• Action item:
First find the line with "Накидка подушка на", then reproduce it and all following lines of the data to the end, exactly and with no pictures, adding nothing.

• The data:

══════════════════════════════

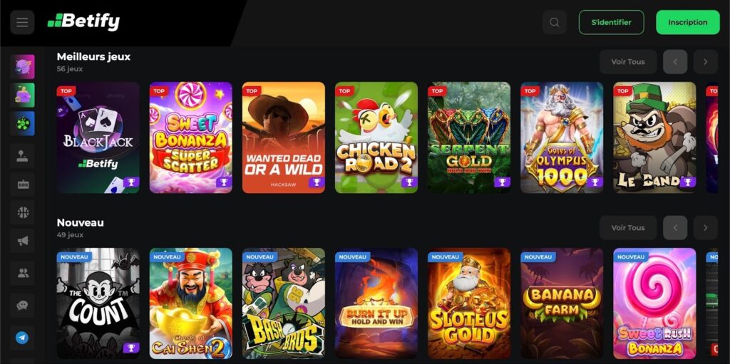 Le catalogue de Betify comprend également d’autres créations d’Inout Games comme Rock Paper Scissors, Chicken Road et Twist, permettant aux amateurs du fournisseur de varier les plaisirs. L’interface du casino est intuitive et le processus d’inscription rapide.
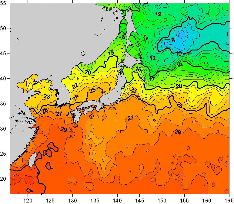 o 2011년 07월 25일 북서태평양 광역해양 수온분포 입니다. o 아래 위성 수온분포도는 국립수산과학원(NFRDI, Korea)과 일본동북대학교 (Tohoku University, Japan)가 공동연구개발 진행중, 1차 연구결과인 것으로 구름의 영향을 배제한 신기술의 수온정보입니다.
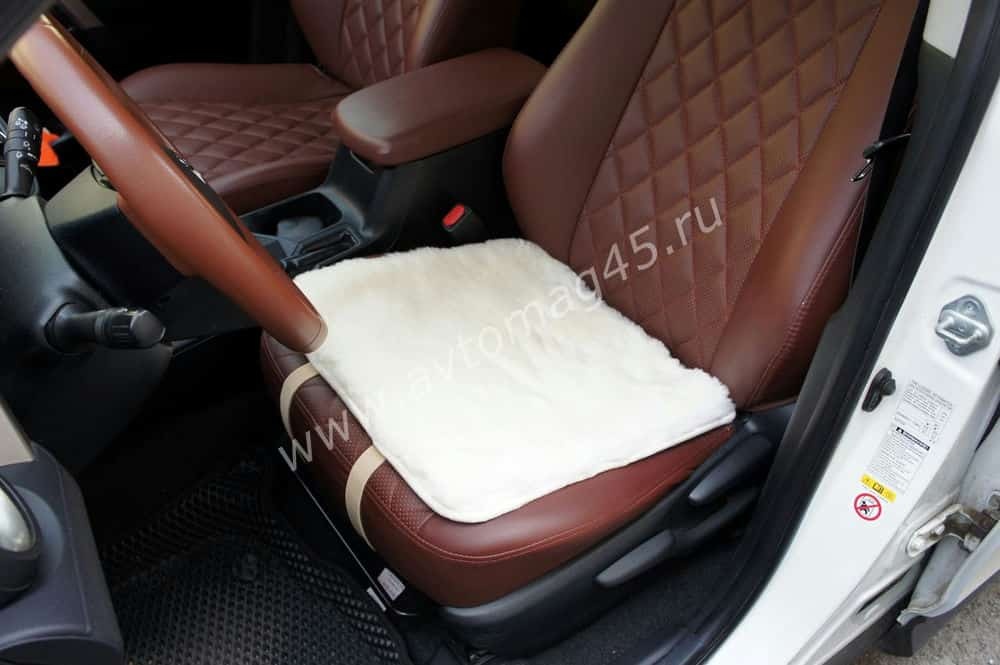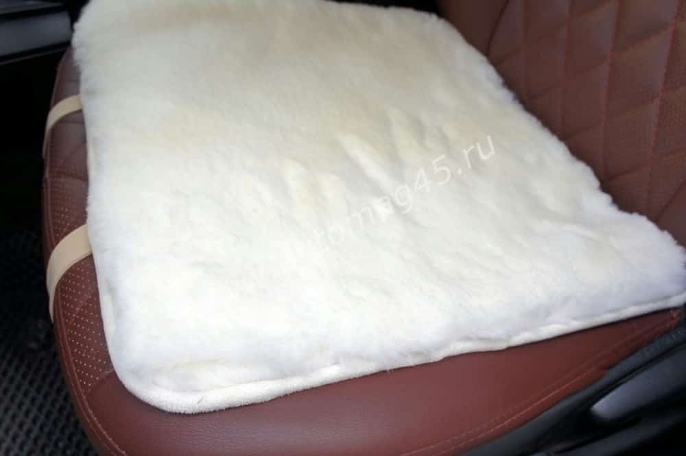 Накидка подушка на сиденье короткий ворс белый 45х45см
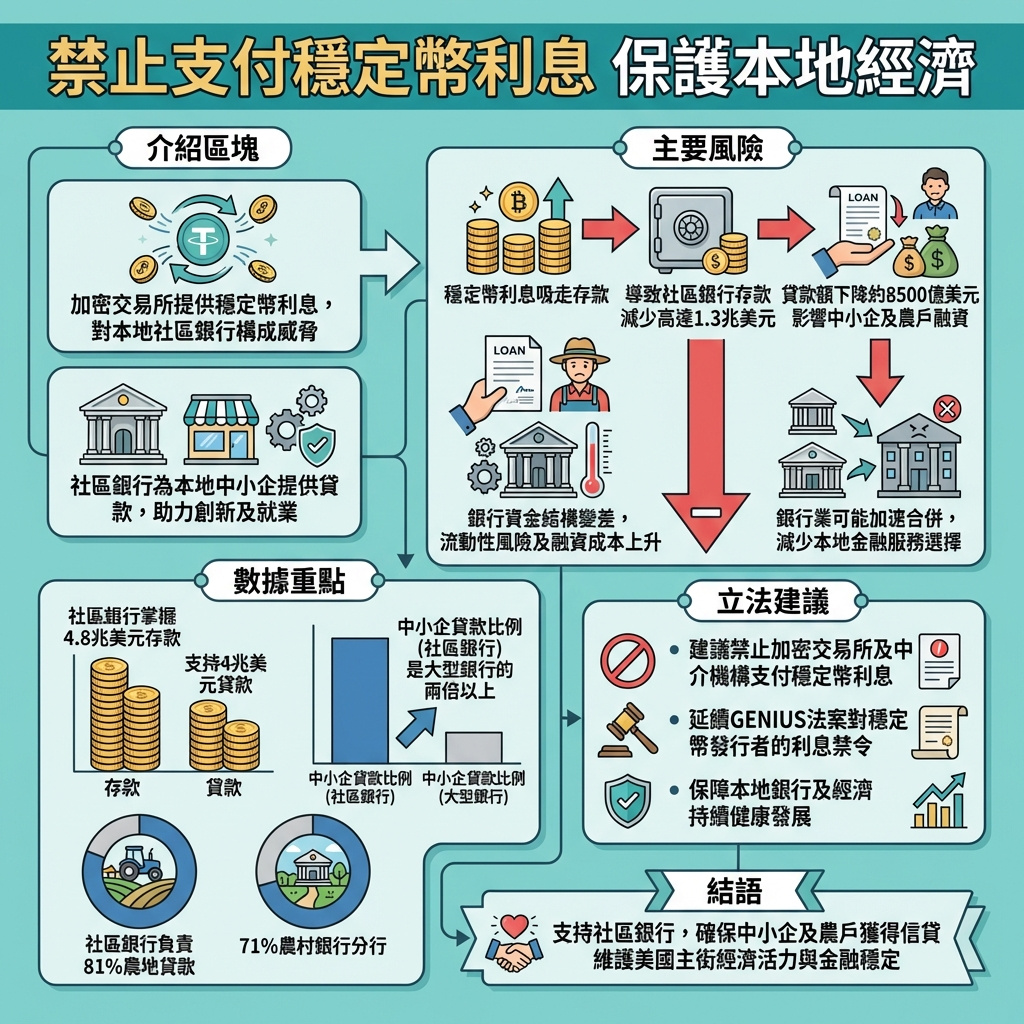 這篇文章深刻揭示了支付穩定幣在加密貨幣生態系統中帶來的潛在風險,尤其是對本地經濟和社區銀行的衝擊。隨著加密貨幣市場快速發展,穩定幣作為橋樑貨幣的角色日益重要,但其背後的收益激勵機制卻可能吸走傳統銀行的存款,削弱了社區銀行貸款能力,進而影響小企業和農村經濟。

══════════════════════════════

• Task solution:
 Накидка подушка на сиденье короткий ворс белый 45х45см
 這篇文章深刻揭示了支付穩定幣在加密貨幣生態系統中帶來的潛在風險,尤其是對本地經濟和社區銀行的衝擊。隨著加密貨幣市場快速發展,穩定幣作為橋樑貨幣的角色日益重要,但其背後的收益激勵機制卻可能吸走傳統銀行的存款,削弱了社區銀行貸款能力,進而影響小企業和農村經濟。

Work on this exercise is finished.